A reader from Denver recently wrote, "I don’t agree totally with your list; it is however, probably more accurate than most I have seen. One song always seems to stand out in my mind as I read these lists. That is “I’d Love to Change the World” by Ten Years After. I don’t find it on many lists and did not find it on yours. I think that song rocks pretty hard and is a great anthem of that time as well." This is a good point, and brought to mind Ten Years After's other great song, "I'm Going Home," which was probably one of the better tunes performed at Woodstock. I didn't change the list to add Ten Years After (at least not yet), but the group certainly deserves to be remembered more than it is today, and you couldn't really go wrong adding a few of their songs to your iPod. Thanks to J.Y. for the memory jog.
It's More Than a Feeling
I was in a fairly mellow (some might say comatose) mood when I first made up the list years ago, and over time most of the not-really-anything-remotely-like-rock songs on the list from that early period have been removed and replaced. So I was surprised when reader S.B. wrote and said, "Pretty good list, but Bread and Melanie don't belong on it." Bread? Melanie? Still there? (If you're curious, the two songs were "Lost Without Your Love" and "Lay Down, Lay Down," respectively.) S.B. suggested three possible replacements, the first two of which are now on the list: "More Than a Feeling," by Boston; "All Along the Watchtower," by Hendrix; and "Who Are You," by the Who. The Who are already fairly well represented on the list, they were never great musicians anyway, and I just simply liked the first two choices better. Thanks, S.B.!
Long, Cool Woman
Reader A.S. wrote in to suggest the Hollies' "Long Cool Woman in a Black Dress," and I thought, "That must be on the list - it's a great song!" But it wasn't, so I added it, replacing Aretha Franklin's "Respect," which is also a fine song, but technically R&B and not rock. Thanks, A.S.!

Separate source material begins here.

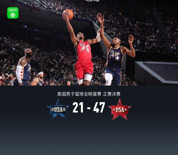 美国星条队米切尔6分1板,詹姆斯5分4板;美国星辰队马克西9分2板1助,爱德华兹8分4板2助。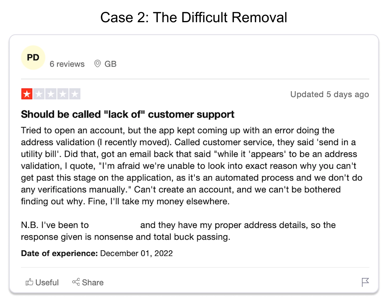 The hardest removal category is reviews from real customers describing genuine experiences in detail and with evidence. If the fundamental facts of the dispute are accurate, Trustpilot protects these reviews as legitimate consumer experiences regardless of tone or business impact.

More Changes, End of 2009 . . .
Maybe it's age, but more and more I've been going back to the Sixties when listening to music. A group of younger coworkers tried to place me music-wise recently with, "I guess you were into the Beatles, huh?" It was hard to get across to them that, while the Beatles were indeed big in the Sixties, there was so much going on musically besides the Fab Four. So anyway, I've made some changes on the list. I took out the Kinks' Lola from Spot 40 (great song, but the Kinks are already very well-represented on the list), and replaced it with The Left Banke's Walk Away Renee (not Just Walk Away Renee, which I always thought was the title). Someone once told me that the original members of the Left Banke were from Glen Oaks in Queens, New York, where I spent my adolescent years, but that's another story, and not the reason I put the song on the list.
I also changed out Spot 57, replacing the Yardbirds' For Your Love (great song) with the Yardbirds' Heart Full of Soul (perhaps greater song). If you're into the Yardbirds - and as a rock aficionado, it would be hard not to be - be sure to also give a listen to their song, Over, Under, Sideways, Down. I'd listened to Elvis and others as a small child, but Over, Under, Sideways, Down was the first song that really made an impression on me. (The second was Eve of Destruction. My parents despaired.)